Il en va de même pour la formation des enseignants. Le régendat a été créé à une période où il y avait pénurie d’enseignants. Depuis lors, les régents enseignent au niveau du primaire et du secondaire inférieur. Il est clair qu’au vu de la complexification du métier une formation universitaire serait souhaitable pour renforcer les connaissances de la matière enseigné, mais aussi les connaissances en sociologie, en pédagogie et orthopédagogie et en didactique. Cependant, au vu du coup des études, un passage de 3 à 5 ans peut démotiver une partie de ceux qui veulent s’engager dans le métier.
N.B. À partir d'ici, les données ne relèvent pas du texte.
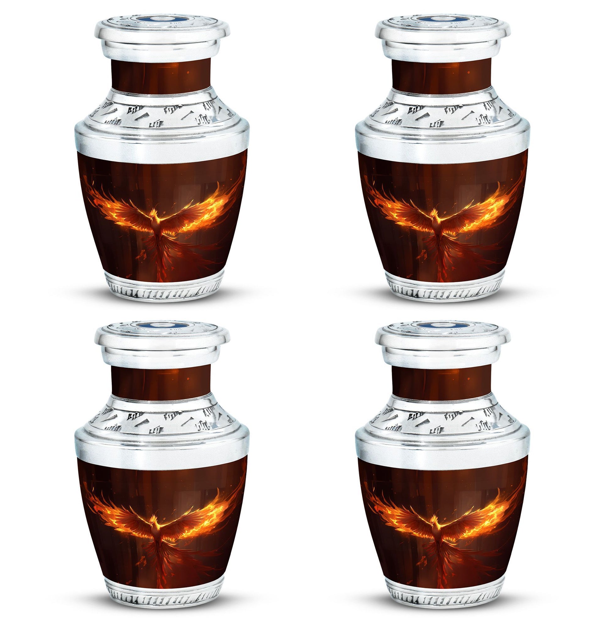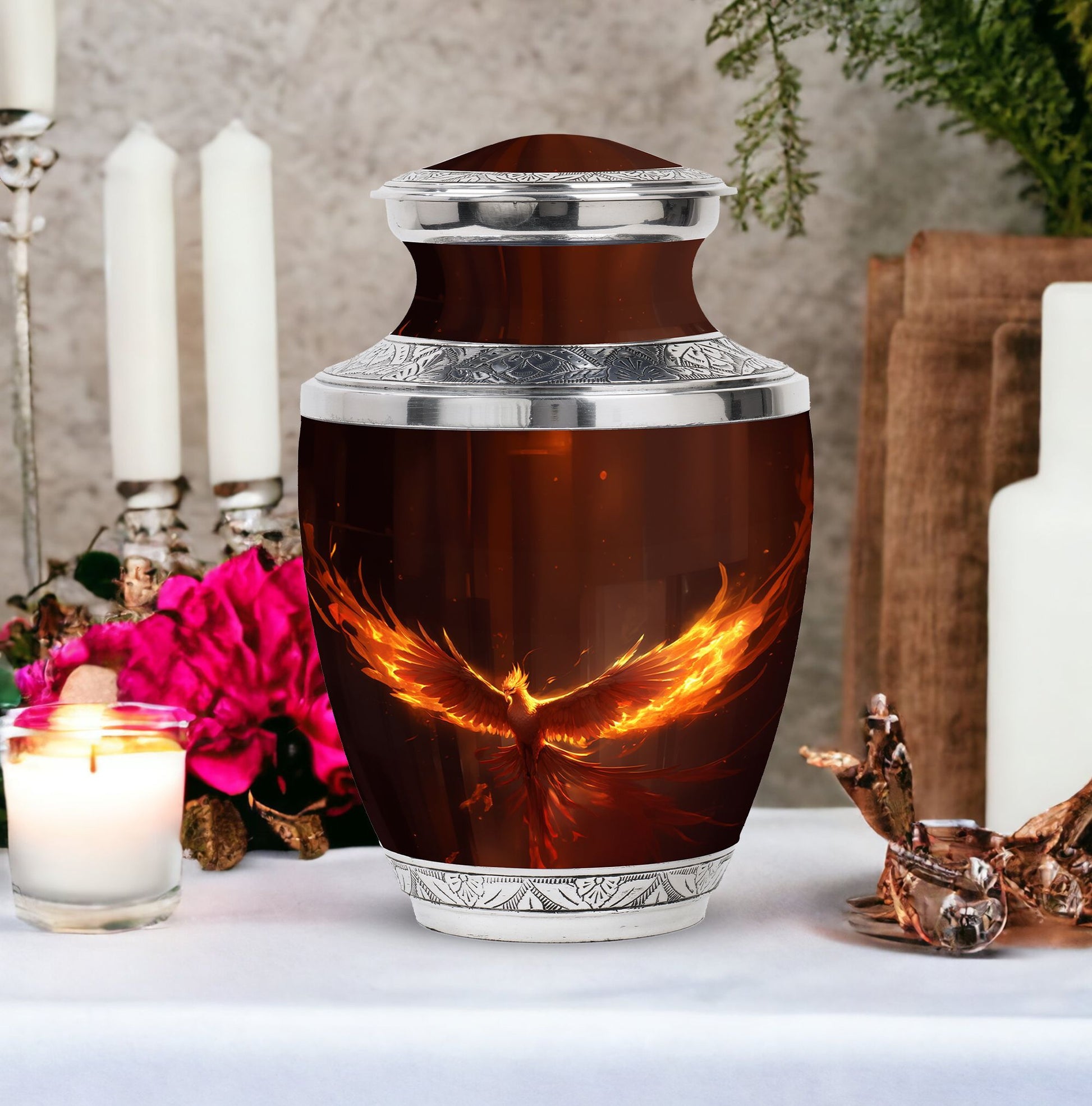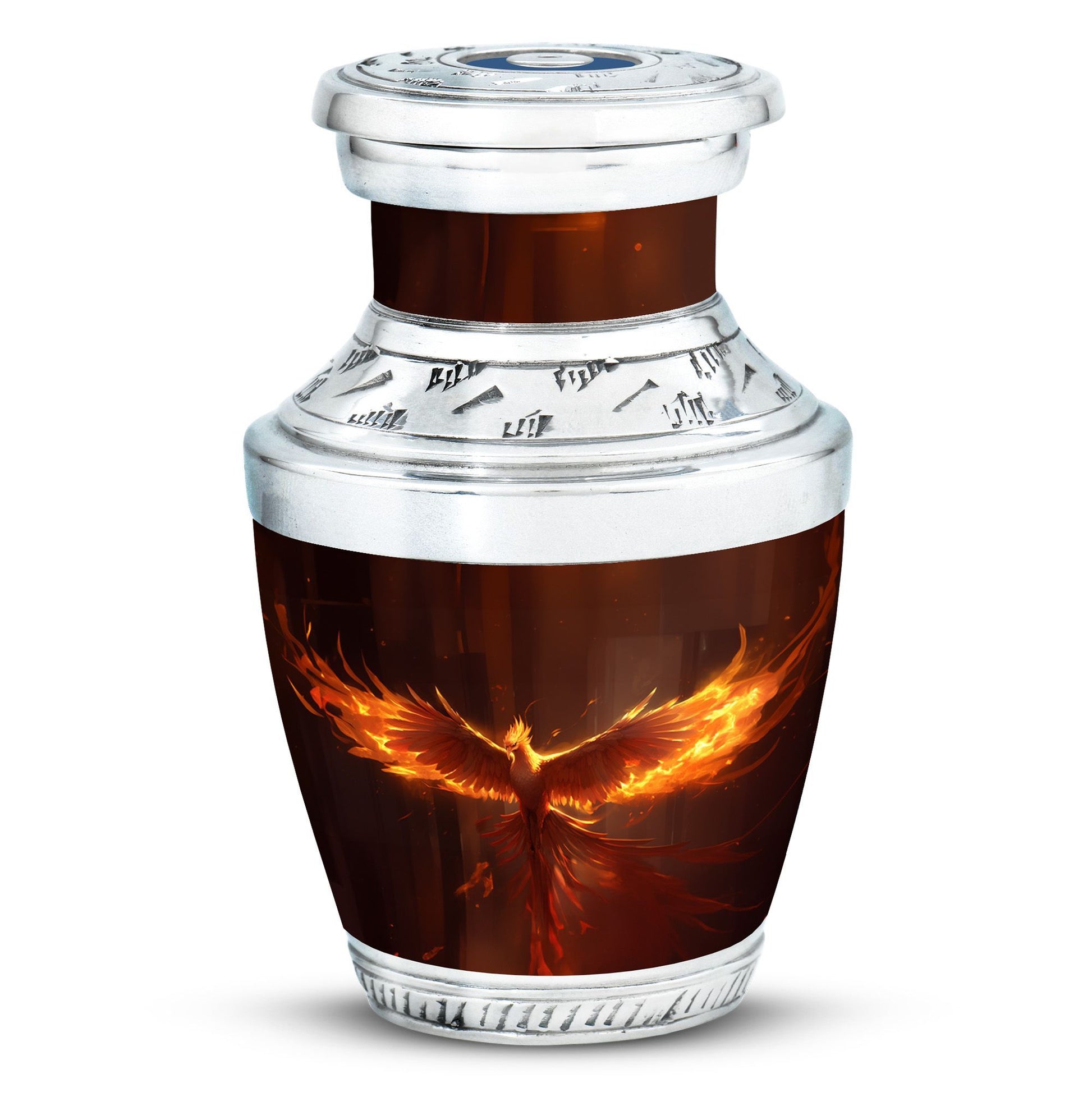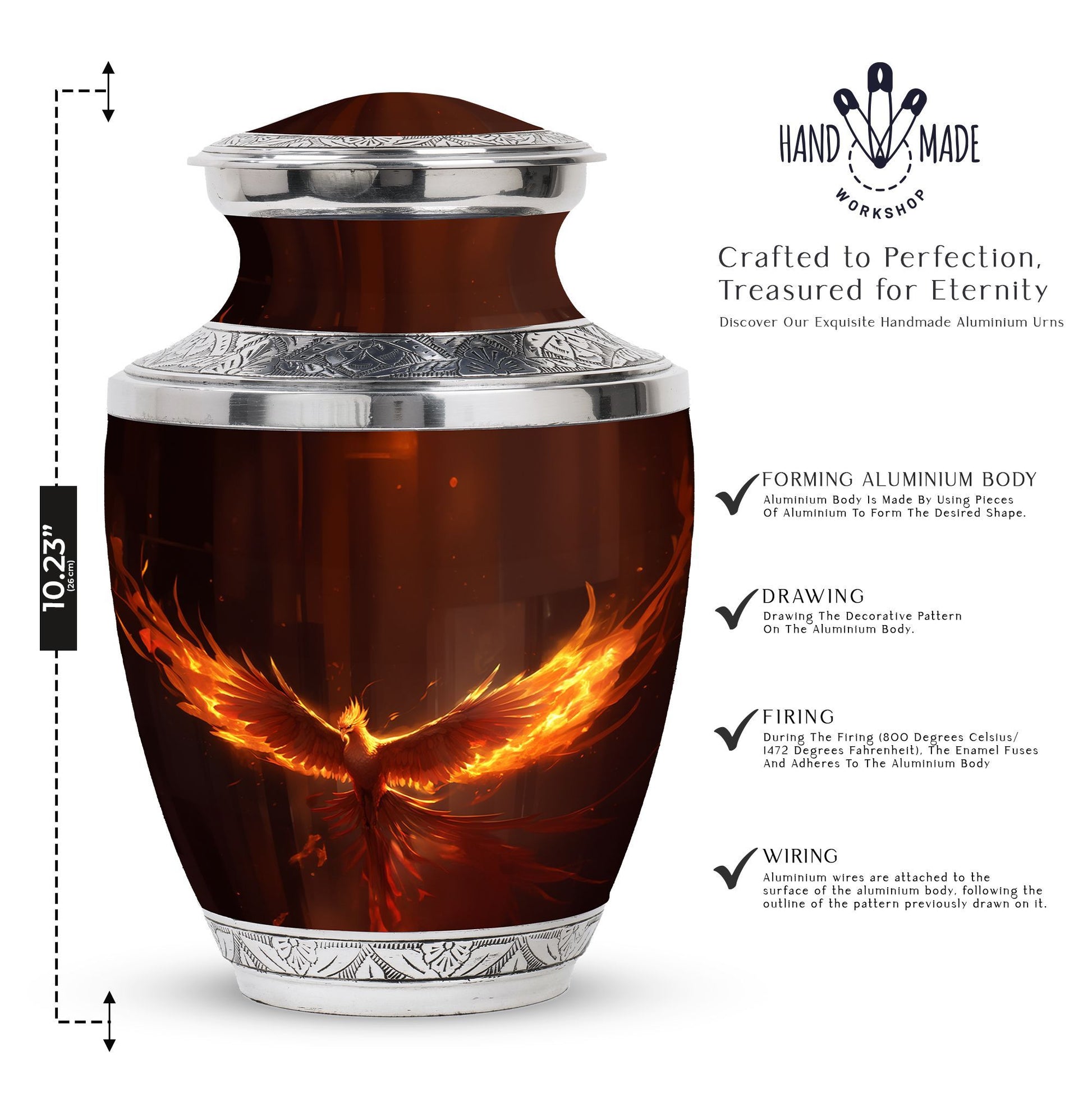 Honor your loved one's memory with our Phoenix Urn, a classic masterpiece among cremation urns. These large urns are crafted with utmost attention given to both aesthetic and functionality. Measuring at 10 inches in height, it is sizable enough to hold 200 cubic inches of ashes, and weighs 3.3 pounds. Despite its substantial dimensions, it is easy to handle. Made from durable and resilient aluminium, it signifies strength, representing how your dear ones have left an enduring mark in your life. Included in the package is a velvet pouch for containment of ashes, aptly fitting for this timeless memento. You can further personalize this unique urn for dad or any loved one by arranging for names to be engraved upon it. Search for metal urns for ashes, or other related phrases, and you'll be redirected to our Phoenix Urn - an epitome of remembrance, allowing you to keep your loved ones closer, even in their eternal journey. Our cremation containers for ashes allow you to remember and honor your loved one in a significant and lasting way.

De plus, le système universitaire étant très élitiste, on risque d’accroitre encore l’écart entre le milieu culturel et économique des professeurs et des élèves.

La dernière mesure en date – interdire le redoublement – est emblématique de la contradiction entre l’idéal et le réel. Le redoublement coute chaque année 350 millions d’euros par an à la communauté (mais pour le dire cyniquement, c’est le coût de la sélection sociale). Tous les experts s’accordent à dire qu’il est inefficace car il détruit l’estime de soi des élèves et est marqué socialement. Il témoigne d’une bien ‘‘pauvre relation pédagogique’’ entre l’élève et le prof. Cependant, la lutte contre l’échec scolaire nécessite de mettre des moyens supplémentaires à disposition des écoles pour procéder à la remédiation immédiate et à l’accompagnement ciblé et individualisé.
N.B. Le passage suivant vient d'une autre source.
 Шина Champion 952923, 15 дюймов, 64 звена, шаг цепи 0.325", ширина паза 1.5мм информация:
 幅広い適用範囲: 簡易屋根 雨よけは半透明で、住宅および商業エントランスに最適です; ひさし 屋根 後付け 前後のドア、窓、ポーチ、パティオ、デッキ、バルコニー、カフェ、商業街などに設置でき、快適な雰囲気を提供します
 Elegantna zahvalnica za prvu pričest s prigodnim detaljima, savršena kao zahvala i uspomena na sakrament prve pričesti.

Ce que l’Olivier propose, c’est que les écoles luttent individuellement contre l’échec scolaire avec, éventuellement, une aide. Il n’y a donc aucun plan global de lutte contre l’échec scolaire. Cela signifie de renforcer la ségrégation entre les écoles qui ont les moyens humains et financiers de lutter contre l’échec et ceux qui ne l’ont pas. Avec une inégalité flagrante pour les élèves, puisque selon que l’enfant est dans une école qui a bénéficié de subventions ou pas, il pourra doubler ou non.

Le redoublement est un symptôme, il faut combattre la maladie, qui est le sous-financement de l’enseignement en termes matériel et humain, résultat d’une société gangrénée par ses contradictions de classes. Cette société de classe est profondément inégalitaire, ce se reflète dans notre système d’enseignement.

 

Pour combattre la maladie, il faut tuer le virus

Afin de pouvoir réellement améliorer notre système pour qu’il puisse répondre à ses glorieux objectifs d’émancipation, il faut que les enseignants, les élèves, leurs familles luttent tous ensemble :

 

  • Il faut l’unité de la lutte au-delà des réseaux parce que tout les réseaux sont dans la même situation de sous financement.
  • Il faut améliorer les conditions des travailleurs du secteur, ce qui passe par le maintien et la restauration des acquis et par une revalorisation salariale ainsi qu’une attention pour la formation continue, organisée et payée par la collectivité.
  • Il faut que les étudiants du secondaire et du supérieur se mobilisent pour exiger un enseignement général technique et scientifique pourvu d’infrastructures dignes de ce nom accessible à tous
  • Il faut que tous ensemble (parents, élèves, professeurs, personnel non-enseignant), on réclament un enseignement réellement gratuit en prenant l’argent nécessaire là où il est chez les capitalistes et les patrons

Cela passe par la création de comité d’élèves, de parents et de travailleurs du secteur, professeurs ou non, qui discutent démocratiquement des besoins et des revendications de chacun afin de mettre en avant un plan d’action qui puisse faire changer le cours des choses.